Sixthform engineering challenge - autonomous solar powered line following robot

Model uploaded to Creality Cloud - Creality Cloud -Engineering challenge chassis v3 (friction fit) + … From user5681115635 Engineering challenge chassis v3 (friction fit) + mounts | 3D models download | Creality Cloud

Designed as a two part friction fit chassis to avoid the need for supports.

Printing Machine: Prusa Mk3 (as only printer available at school)
Selected materials: PLA
Print settings: 0.2mm and standard settings (no supports needed as a two part friction fit lid)
Time spent on printing: circa 4 hours
Description: Two part friction fit chassis as part of school project. Details as follows (and attached)
I’m a Maths teacher (11-18) in the UK and began my journey into 3D printing a year ago. This was as I created and trialled an engineering challenge for sixthform students (17-18) where from a standardised chassis, they were challenged to work as a small team of 2-4 students to create an autonomous solar powered line following robot (more detail below + videos + materials). This introduced them to a range of skills not taught in the classroom, requiring them to develop skills in 3D design, 3D printing, programming and project management. I’m passionate about multi-disciplinary integration in engineering and view 3D printing (and rapid prototyping) as a key element of this.

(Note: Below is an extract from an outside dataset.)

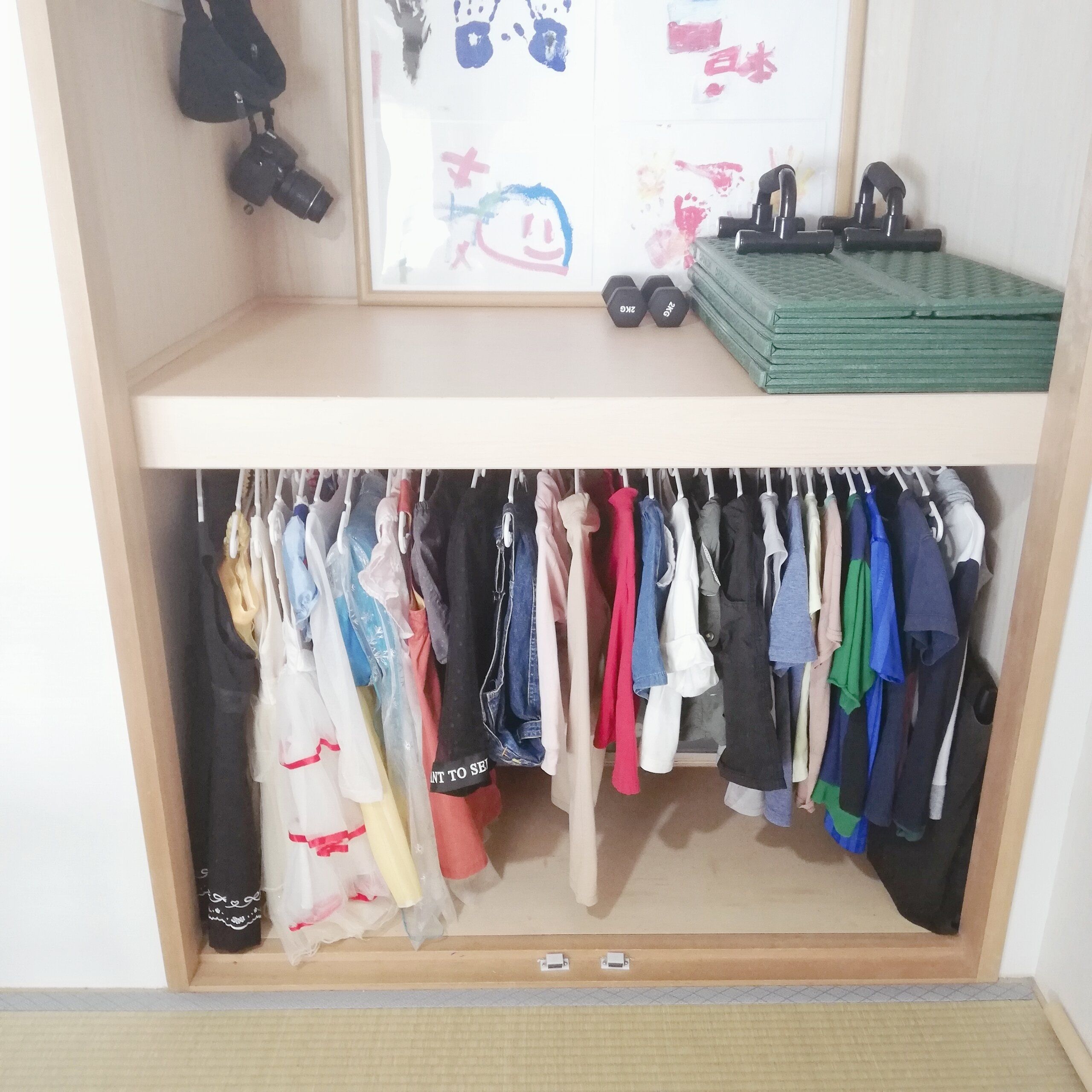 この方法を試したところ、洋服の総数は減ったものの、本人のお気に入りの服が増えたので、子どもにとっての洋服への満足度は高くなったかと思います。

More photos to follow (I’m away for a few days but will update 23 Aug)

Last year I successfully trialled the engineering project with four teams using the school’s 3D printer to produce the chassis’ and print the students designed parts – solar panel mounts + their design for mount of IR sensors. They learned lots along the way, with lots of trial and improvement, and developed a range of key engineering and team working skills. I have taken a job at a new local school from September and whilst I hope to continue the project, unfortunately I won’t have the same access to 3D printers at my new school so winning a K2 Plus Combo or Ender-3 V3 would transform my ability to continue and develop the project. Assuming continued success (and refinement of the project) in the longer term I have aspirations to extend the project to other schools in my local area.

For a little more context please review the attachments provided – you’re welcome to use but please do include me as a reference on this. I’d also welcome any thoughts, feedback or development suggestions.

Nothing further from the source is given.